Five years ago hip-hop books didn't take up much shelf space in most bookstores. The perception among publishers was that books about rappers, and rap itself, couldn't sell, but that's no longer the case. In the past year, nearly a dozen books about hip-hop, from bestselling memoirs by big-name artists to serious-minded historical examinations of the musical form, have hit shelves. The publishers behind these books say the change is a testament to a shift in both the culture at large and the industry's realization that people who listen to hip-hop can, and will, buy books.

Although it's impossible to pinpoint exactly when trade houses began taking hip-hop seriously, Da Capo senior editor Ben Schafer believes a string of successful books about Tupac Shakur (from bios like Basic Civitas's 2002 Holler if You Hear Me by Michael Eric Dyson to collections of the rapper's prose) helped establish the notion that hip-hop books were marketable. Schafer, who's editing Third Coast: OutKast, Timbaland and the Rise of Dirty South Hip Hop (scheduled to bow in August 2006 with a 30,000-copy printing), said he thinks the trend has something to do with timing and a desire for fresh music books. "Hip-hop is now over 20 years old... and rock 'n' roll has been documented ad nauseam." That the kids who grew up listening to Run-DMC and watching Yo! MTV Raps are now in their more book-buying late 20s and early 30s also helped persuade publishers to try the market.

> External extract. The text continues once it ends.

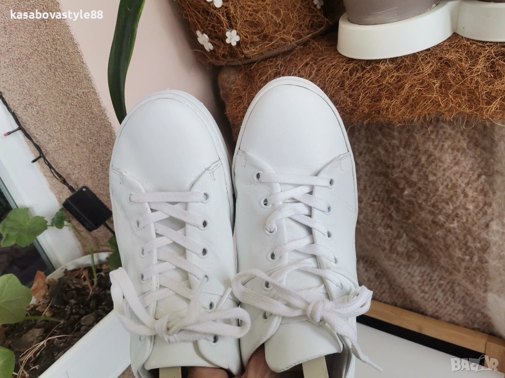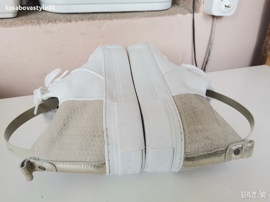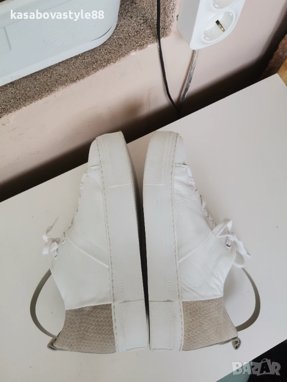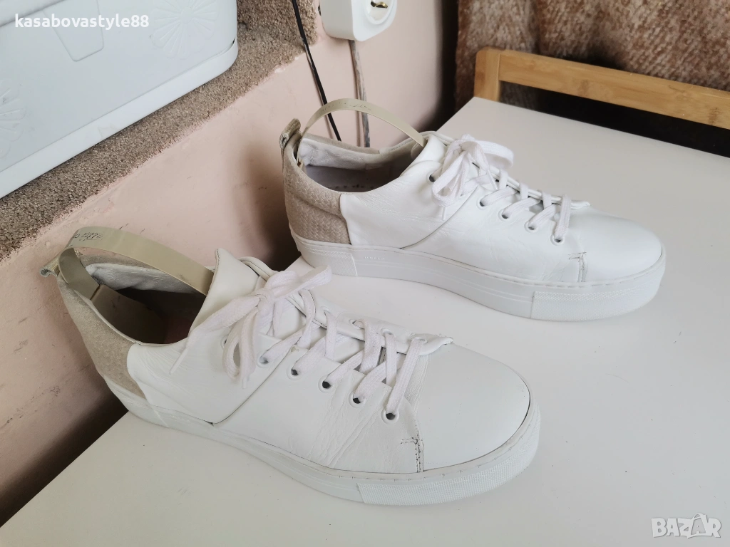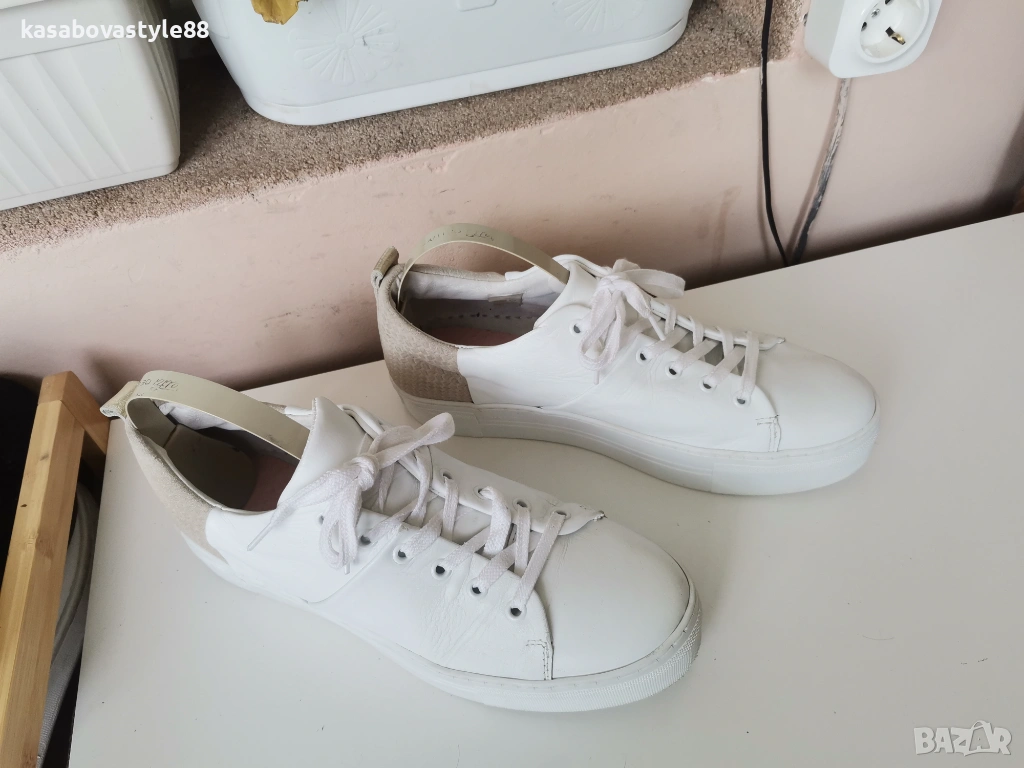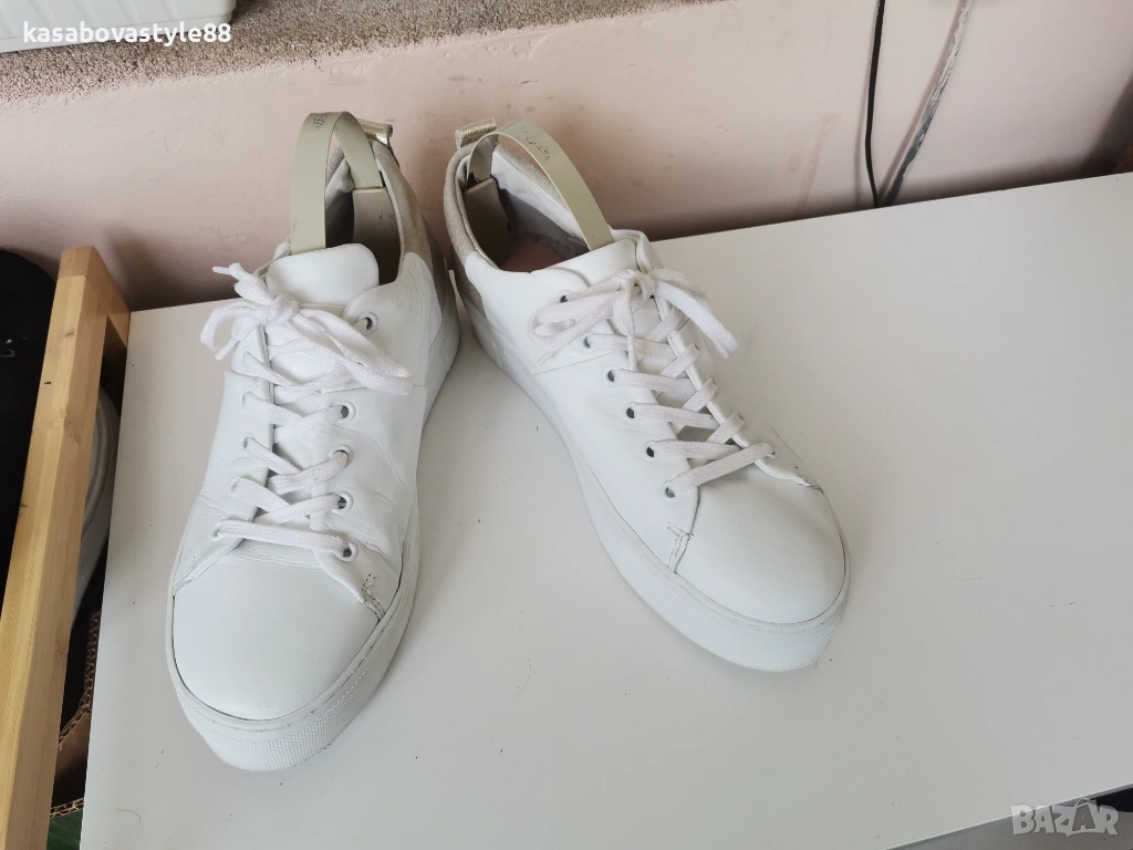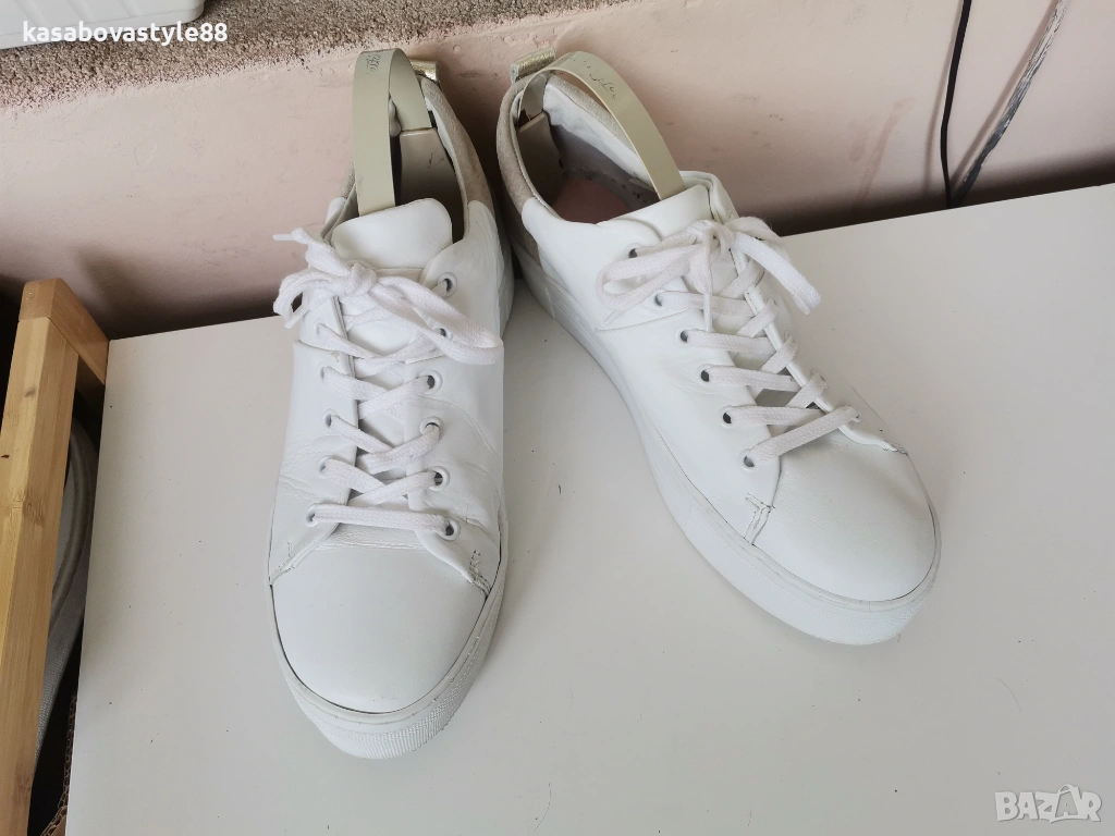 Дамски висококачествени спортни обувки в бял цвят, златисти елементи и велур отзад при петата, направени изцяло от естествена кожа включително и вътрешната част.Състояние-отлично!! Те са с изчистен дизайн, дебела платформа и връзки. Вътрешността е с комфортна вадеща стелка от антибактетиален хастар. Горната част на ходилото е шита, осигурявайки повече издръжливост и качество с височина отзад 3.7см. Моделът се води 42 н. но отговарят на 41.Дължина на стелка 27 см. Цялостна височина отзад 11см.

This set of readers, presumably ready for literate books that tell the story behind hip-hop while also placing the music in a larger political and socioeconomic context, is one publishers are now addressing. From the critically well-received St. Martin's February 2005 title by Jeff Chang, Can't Stop Won't Stop: A History of the Hip Hop Generation (currently with 40,000 copies in print and recently voted Best Music Book of 2005 by New York magazine) to more recent titles like Knopf's November Triksta: Life and Death and New Orleans Rap by Nik Cohn and Amistad's October 2005 Raising Hell: The Reign, Ruin and Redemption of Run-DMC and Jam Master Jay by Ronin Ro,there is now plenty of room for literary journalistic books about hip-hop and its effect on culture. Craig Pyette, an editor for Random House Canada, certainly has high literary aspirations for Enter the Babylon System by Rodrigo Bascunan and Christian Pearce. The book, which will be released January 2007 in Canada (no U.S. publisher yet), documents the history of the gun from a hip-hop perspective. Pyette likens it to Naomi Klein's 2002 deconstruction of our brand-driven culture, No Logo. And, like Schafer, Pyette sees his potential audience as 20- and 30-somethings who "represent the maturation of the hip-hop generation... and are ready for journalistic voices to represent their perspective"; they're also, in his opinion, "a target group to buy a hardcover book."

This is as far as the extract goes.